Mallon, speaking of the cold that had the audience increasingly hunched and huddled, said only that she was grateful for the opportunity to serve again, including to help tackle the problems caused by the pandemic. “We are outside, we are wearing masks and we are in the middle of a very difficult and dangerous variant that we are all going to need to pull together once again and get through together,” Mallon said. “We’ve got a lot of work to do, Cambridge. I look forward to doing it with my colleagues.”
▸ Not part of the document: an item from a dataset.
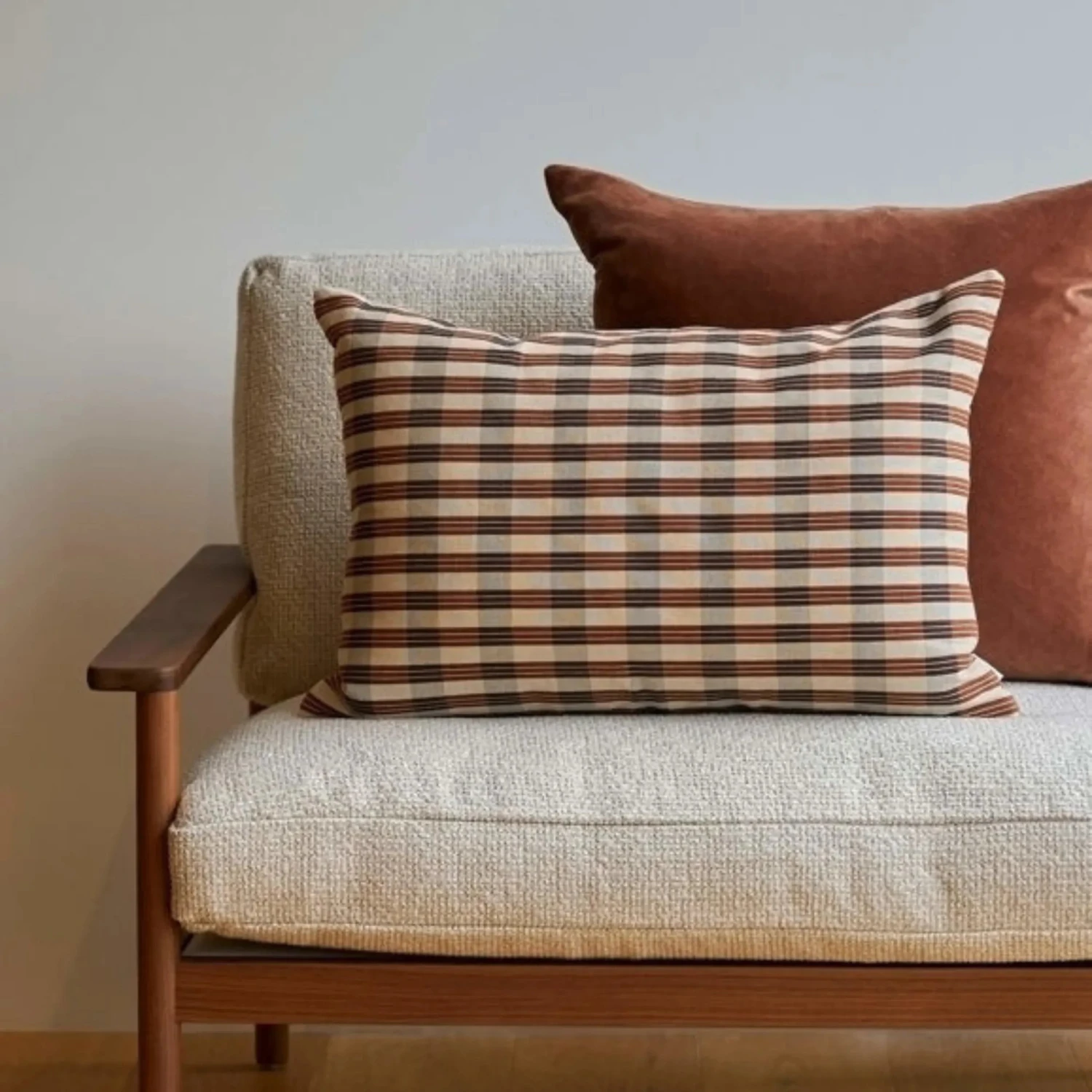 The name ‘Folio’ is a nod to classic lined paper—a minimalist grid design found in everyday life. The Folio Cushion features a simple woven grid pattern, blending warm russet and deep mulberry tones.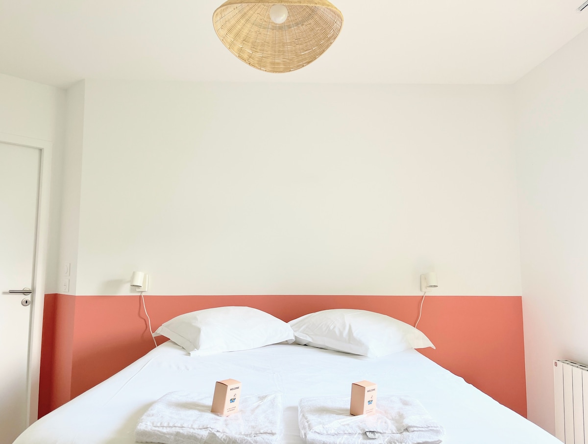Natatanging accommodation na may tanawin ng daungan nito mula sa deck at interior, access sa port - mga tindahan na 5 minutong lakad at 10 minuto papunta sa unang beach. Ang apartment ay 35m2, kabilang dito ang: - Pasukan na may laundry closet - isang hiwalay na silid - tulugan na may isang kama ng 140*190 - banyo - isang Living Room/Living room/Kusina ng 20m2 - terrace kung saan matatanaw ang condominium park. Pinapayagan ang mga alagang hayop na napapailalim sa: pagsunod sa mga alituntunin at pag - check in na ibu - book. Walang dagdag na bayarin.

Nolan said she was disappointed not to be vice mayor but looked forward to continuing her work as a city councillor – and said she’d like to see these intra-council elections run like Cambridge’s other elections: with ranked-choice voting. “There’s nothing in the charter that says how you elect a mayor and vice mayor,” she said after the inaugural.
Chilly but eventful
The 10 a.m. event lasted a little over an hour even with a slightly late start, begun and ended with stunning musical presentations by Cambridge Rindge and Latin School’s James Isaiah, a member of the Class of 2025. The Central Square Business Improvement District helped pull the event together with hot drinks from 1369 Coffee House and food selections ranging from cupcakes to Tasty Burger, with sparkling apple cider available in plastic champagne-style glasses for toasting.
In attendance were state Reps. Mike Connolly and Marjorie Decker, former mayor Ken Reeves and other current and former city officials. Notable by his absence was City Manager Louis A. DePasquale, reportedly having tested positive for Covid like Pressley. That would not be confirmed by the City Manager’s Office, where an aide said Monday, “He’s not in. He’s sick, period.”
Lee Gianetti, director of communication and community relations, was also out and could not take media inquiries, according to DePasquale’s office.